### Work instructions
Copy, exactly and without additions, every line in the records below from the one holding "Purse for Women" through the one holding "潮州東山湖溫泉度假村,位於潮", both ends included.

### Material for this task
____
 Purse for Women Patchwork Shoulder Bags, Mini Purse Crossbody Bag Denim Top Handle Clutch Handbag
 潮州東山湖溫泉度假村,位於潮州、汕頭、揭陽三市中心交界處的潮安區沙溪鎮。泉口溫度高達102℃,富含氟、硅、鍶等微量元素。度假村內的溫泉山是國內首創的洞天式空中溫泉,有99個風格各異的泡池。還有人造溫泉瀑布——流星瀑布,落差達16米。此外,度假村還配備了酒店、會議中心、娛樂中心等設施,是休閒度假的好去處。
____
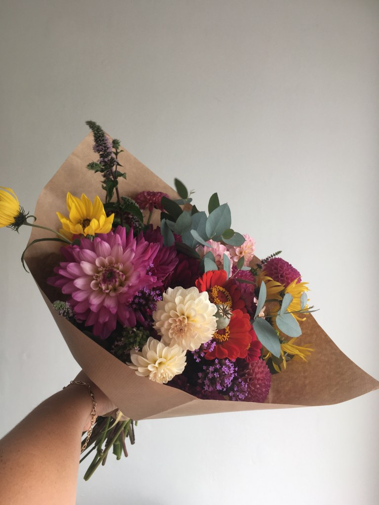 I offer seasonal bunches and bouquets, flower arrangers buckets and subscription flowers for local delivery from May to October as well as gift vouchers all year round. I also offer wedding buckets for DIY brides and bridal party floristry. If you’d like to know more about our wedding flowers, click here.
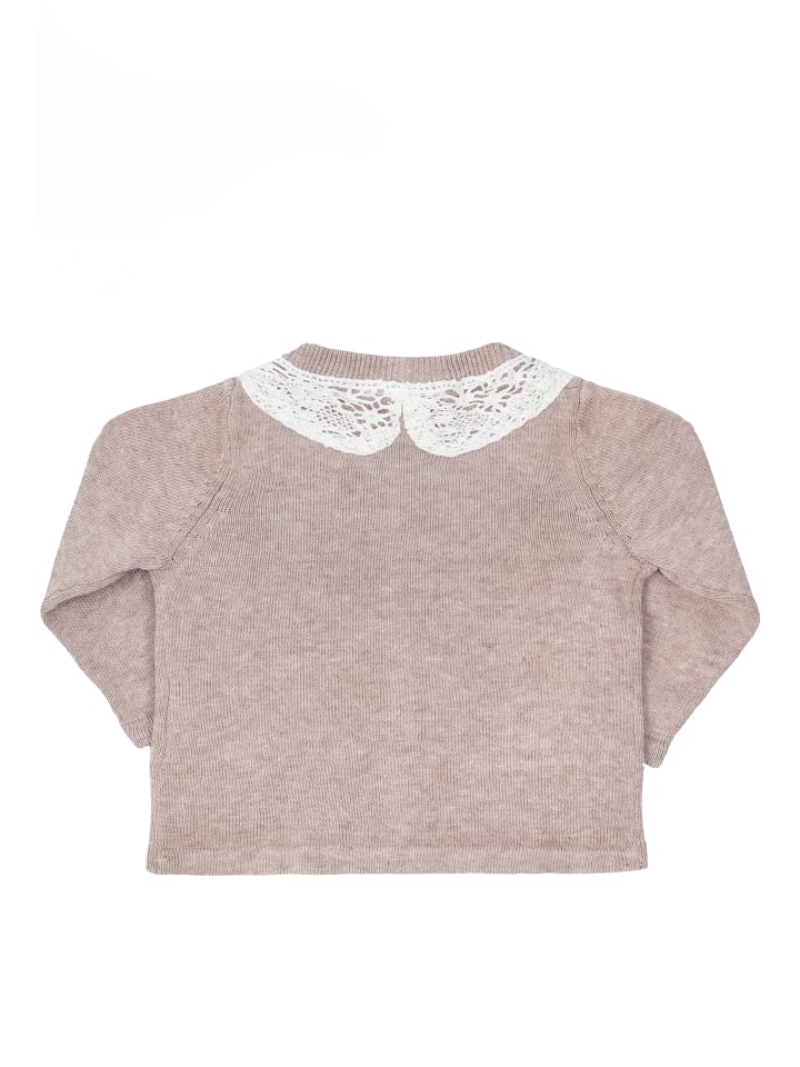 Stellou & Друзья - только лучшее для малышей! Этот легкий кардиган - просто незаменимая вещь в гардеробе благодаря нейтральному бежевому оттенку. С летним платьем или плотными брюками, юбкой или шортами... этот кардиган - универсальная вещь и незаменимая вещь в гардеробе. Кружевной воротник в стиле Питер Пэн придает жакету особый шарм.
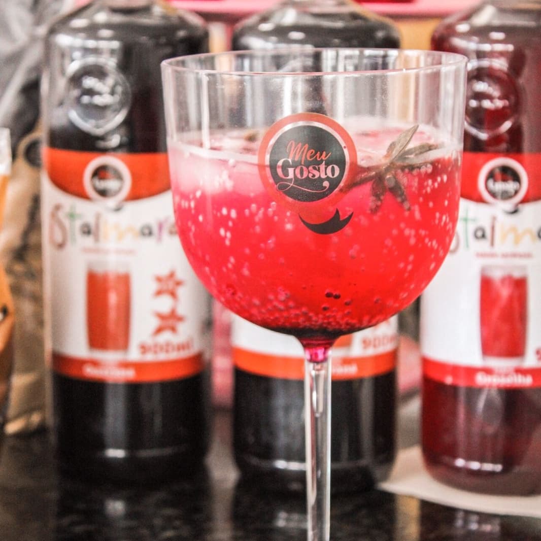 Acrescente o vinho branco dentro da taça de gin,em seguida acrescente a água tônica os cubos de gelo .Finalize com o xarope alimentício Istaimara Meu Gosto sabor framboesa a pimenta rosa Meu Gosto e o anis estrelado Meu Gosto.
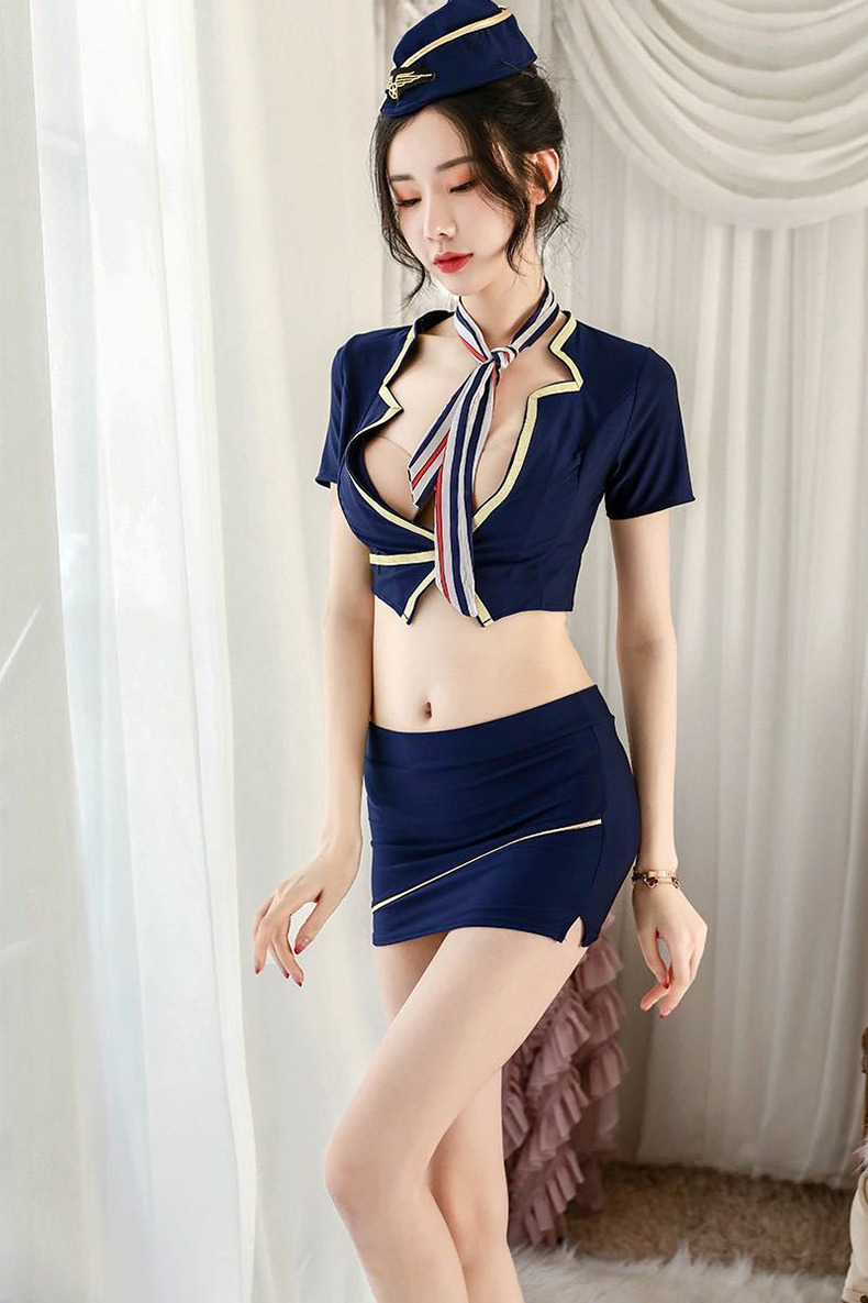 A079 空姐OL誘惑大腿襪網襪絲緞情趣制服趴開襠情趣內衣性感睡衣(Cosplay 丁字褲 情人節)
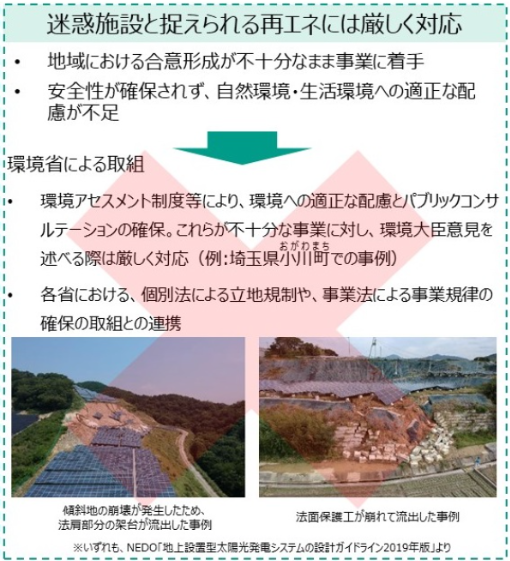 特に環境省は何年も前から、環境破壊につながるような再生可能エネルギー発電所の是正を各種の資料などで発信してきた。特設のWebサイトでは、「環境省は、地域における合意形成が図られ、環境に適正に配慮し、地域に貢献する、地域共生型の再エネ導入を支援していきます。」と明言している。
____
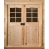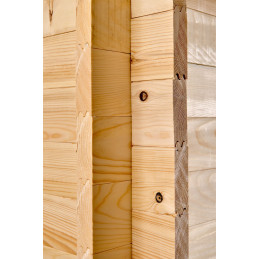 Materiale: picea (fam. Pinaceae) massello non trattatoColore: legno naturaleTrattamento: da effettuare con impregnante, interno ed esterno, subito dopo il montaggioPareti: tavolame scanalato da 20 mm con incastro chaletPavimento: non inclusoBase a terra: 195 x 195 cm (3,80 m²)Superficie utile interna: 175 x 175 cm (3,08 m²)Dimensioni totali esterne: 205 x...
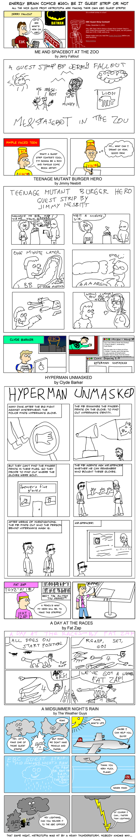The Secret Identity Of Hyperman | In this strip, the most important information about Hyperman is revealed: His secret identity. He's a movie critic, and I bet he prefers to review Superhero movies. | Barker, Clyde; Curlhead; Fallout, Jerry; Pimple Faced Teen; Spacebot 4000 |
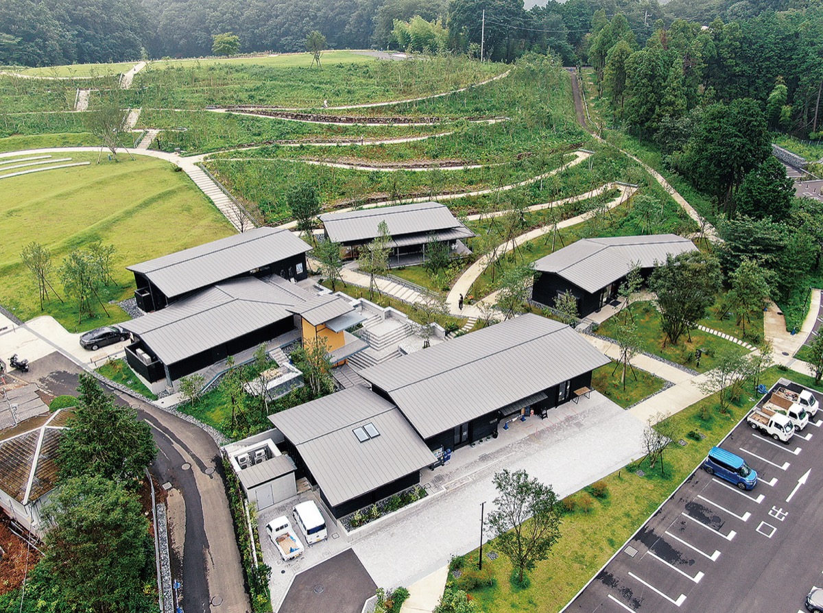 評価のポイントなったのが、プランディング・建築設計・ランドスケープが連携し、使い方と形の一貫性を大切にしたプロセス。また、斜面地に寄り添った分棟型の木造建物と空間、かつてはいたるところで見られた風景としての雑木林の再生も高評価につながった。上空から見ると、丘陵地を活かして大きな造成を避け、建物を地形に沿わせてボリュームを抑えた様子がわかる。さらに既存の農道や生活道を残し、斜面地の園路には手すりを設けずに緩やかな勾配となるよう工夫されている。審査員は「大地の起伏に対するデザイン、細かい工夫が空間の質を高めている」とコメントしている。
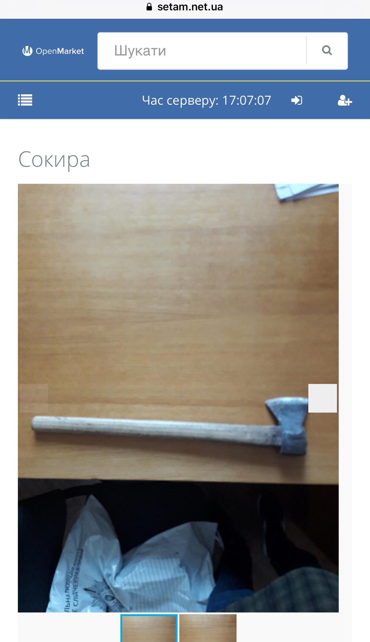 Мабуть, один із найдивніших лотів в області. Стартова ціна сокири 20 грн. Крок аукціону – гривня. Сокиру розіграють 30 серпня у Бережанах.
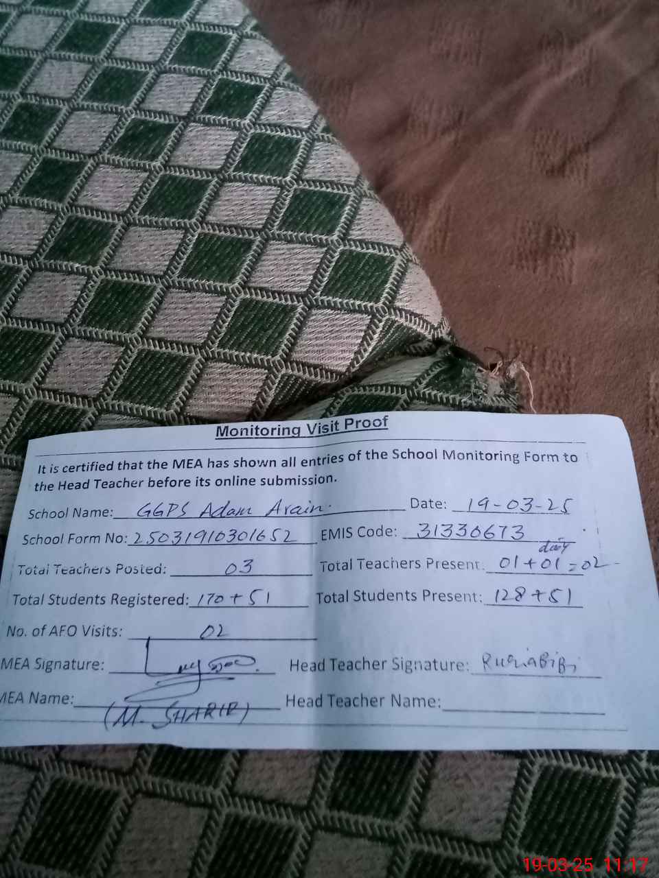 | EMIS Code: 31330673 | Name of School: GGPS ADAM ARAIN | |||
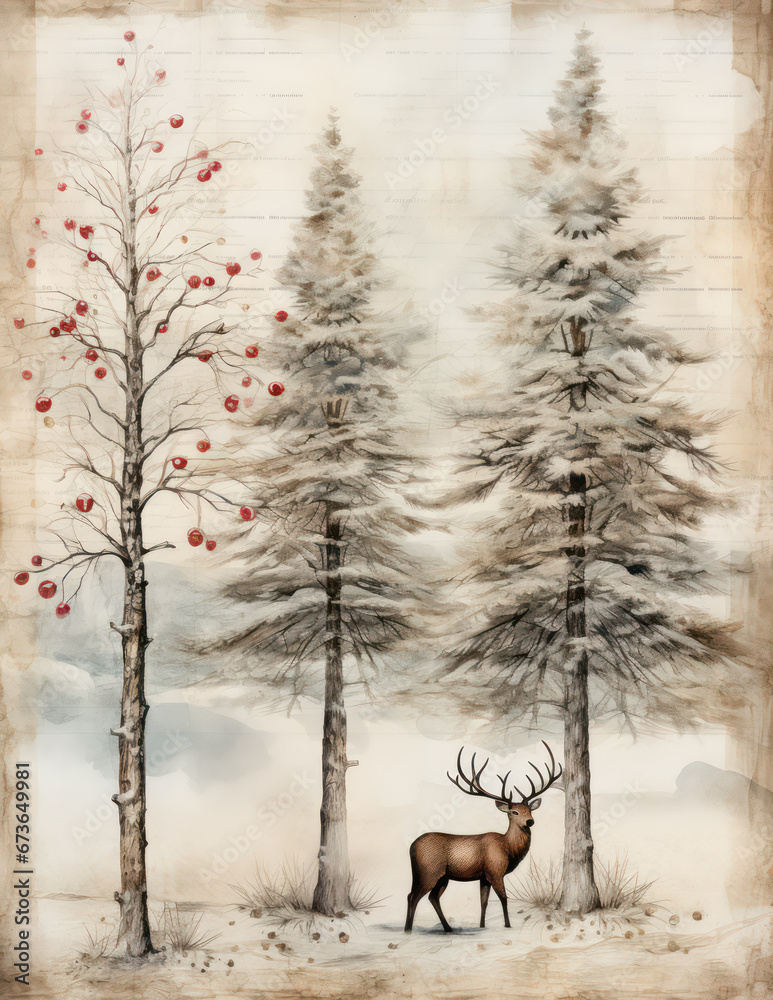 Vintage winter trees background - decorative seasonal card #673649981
____
### Exercise output
 Purse for Women Patchwork Shoulder Bags, Mini Purse Crossbody Bag Denim Top Handle Clutch Handbag
 潮州東山湖溫泉度假村,位於潮州、汕頭、揭陽三市中心交界處的潮安區沙溪鎮。泉口溫度高達102℃,富含氟、硅、鍶等微量元素。度假村內的溫泉山是國內首創的洞天式空中溫泉,有99個風格各異的泡池。還有人造溫泉瀑布——流星瀑布,落差達16米。此外,度假村還配備了酒店、會議中心、娛樂中心等設施,是休閒度假的好去處。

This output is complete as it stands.